Consider it the car wash for the Uber set.
Spiffy, Squeegy, Wype and MobileWash are just some of the on-demand car-washing services that have bubbled up over the past couple of years. Instead of making the regular slog out to the neighborhood wash, then waiting in a long line of filthy cars for a turn through the tunnel, consumers can now order a cleaning and detail from their smartphone, at their convenience.
The best part: The wash comes to them.
It’s a model that has already made inroads in fueling [CSP—Nov. ’15, p. 87], and it’s seeking to work the same on-demand magic in the business of washing cars.
“For the convenience-oriented consumer, their expectation is to pick up a phone and stuff happens,” says Scot Wingo, executive chairman of Charlotte, N.C.-based Get Spiffy Inc.
“The phone is the remote control for their life. If you’re a vendor out there and not thinking about that, you could be left behind.”
Wingo brings a unique perspective to the concept, considering he and Get Spiffy CEO Karl Murphy have had two “fixed” tunnel washes in the Raleigh area in operation since 2003. These washes are fine for the value-oriented consumer, typically a male baby boomer or Gen Xer, says Wingo. But for the millennial—in particular, the female millennial—the traditional system is no longer convenient enough.
With this consumer and Uber as inspiration, Wingo and Murphy launched Spiffy in 2014. Customers download the Spiffy iOS or Android app and create a profile with contact, payment and vehicle information. To schedule a wash or detail, they select the date and two-hour window for the service. Then they select a location (work or business), vehicle type (sedan or not) and the desired service.
Spiffy confirms the appointment with text or email, and also when the service is complete. The user then pays for the service—via credit card, e-gift card or Apple Pay—and rates it. Options range from a simple hand wash, towel dry and tire shine beginning at $19 for a sedan, to a $249-and-up wash and thorough detail (the “Totally Awesome” package). Customers leave their key for the Get Spiffy technician or hand it to him or her directly. The service’s current markets are Charlotte and the Research Triangle Park area of Raleigh.
While ordering a car wash or detail is simple enough, the logistics of getting it to the customer can be complex. Spiffy technicians bring all supplies to the site in their van—everything from the water to the compressors to pump the water out and the cleaning products.
They also use a proprietary system to capture all of the water used during the wash and bring it to a reclamation center afterward for processing.
Water reclamation is an especially important selling point, because many of the vehicles Spiffy cleans are in parking garages or company parking lots. It is also important to the core female millennial customer.

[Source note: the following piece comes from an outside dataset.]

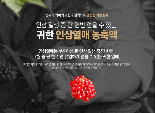 인삼열매 속에는 진세노사이드 성분이 풍부하여 혈관 손상을 억제하고 체내 에너지 촉진, 당뇨 예방, 간 기능 개선, 갱년기 증상 완화 등의 다양한 효과를 기대할 수 있습니다.

“They really care about the environment,” says Wingo. “Plus, we are big believers in being as environmentally friendly as possible.”

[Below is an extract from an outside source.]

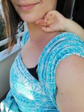 Thanks to Lenine putujuce nosiljke i marame (Lena’s traveling carriers and wraps), we had an opportunity to test Chardan slings Celestial sky in size 6, which is my base size. My wrapee is an almost 2 yo, she weights 12kg and we tried this wrap in fwcc, reinforced fwcc with a shoulder flip, double hammock and ruck. I love wraps with geometric design, cause they tend to have nice grip and feel comfortable on shoulders, but this wrap brought a whole another dimension when it comes to how it felt on shoulders! I didn’t feel my lo’s 12 kilos at all!!! It’s really mouldable, with a nice grip to glide ratio, does have quite amount of diagonal stretch, which requires better tightening, but it doesn’t make a sloppy wrap job uncomfortable! I would say this is one wrap that can take you from the beginning to the end of your bw journey, suitable for all levels of experience. I’m really thankful I had a chance to try this wrap and I would recommend it to anyone who wants a nice, easy care wrap! P.S. I almost forgot to mention that my 4-year-old daughter was actually the first one who got wrapped and this was literally the only wrap in which her 16kilos weren’t too much for me!

Technicians also use low-flow nozzles and 100% eco-friendly chemicals for the cleaning.
While only in North Carolina for now, Get Spiffy has national ambitions. In its first growth phase, the service plans to expand to 20 markets in the next five years. Wingo and Murphy are also not ruling out an expansion into related on-demand services.
“Customers have asked for fueling and oil changes,” says Wingo. “Right now we are focused on car wash. We follow industries closely; customers are asking for it, so it is definitely something we will look at.”
With such ambitious growth plans, is the fixed-car-wash model in peril? Wingo believes there is room for both; the typical Spiffy customer doesn’t use tunnel washes anyway.
L.A. Wash War
Beyond Spiffy, a few other on-demand car-washing services have cropped up in the past two years, including three in the Los Angeles market.
This service, co-founded by a former Los Angeles Laker, offers three levels of cleaning—from the $22 “Quickie” to the $65 “Swanky”—and uses nontoxic, plant-based cleaners with no water.
Mobile Wash has a unique pricing model, charging customers based on the surface area of the vehicle rather than its general model (sedan, truck, etc.). To determine the rate, Mobile Wash’s app considers the vehicle’s year, make and model.
The service has two prices: $25 for an express wash and $35 for an exterior- and interior-cleaning classic, with an upcharge for larger vehicles. Squeegy cleans cars with virtually no water, relying instead on a wash-and-wax solution.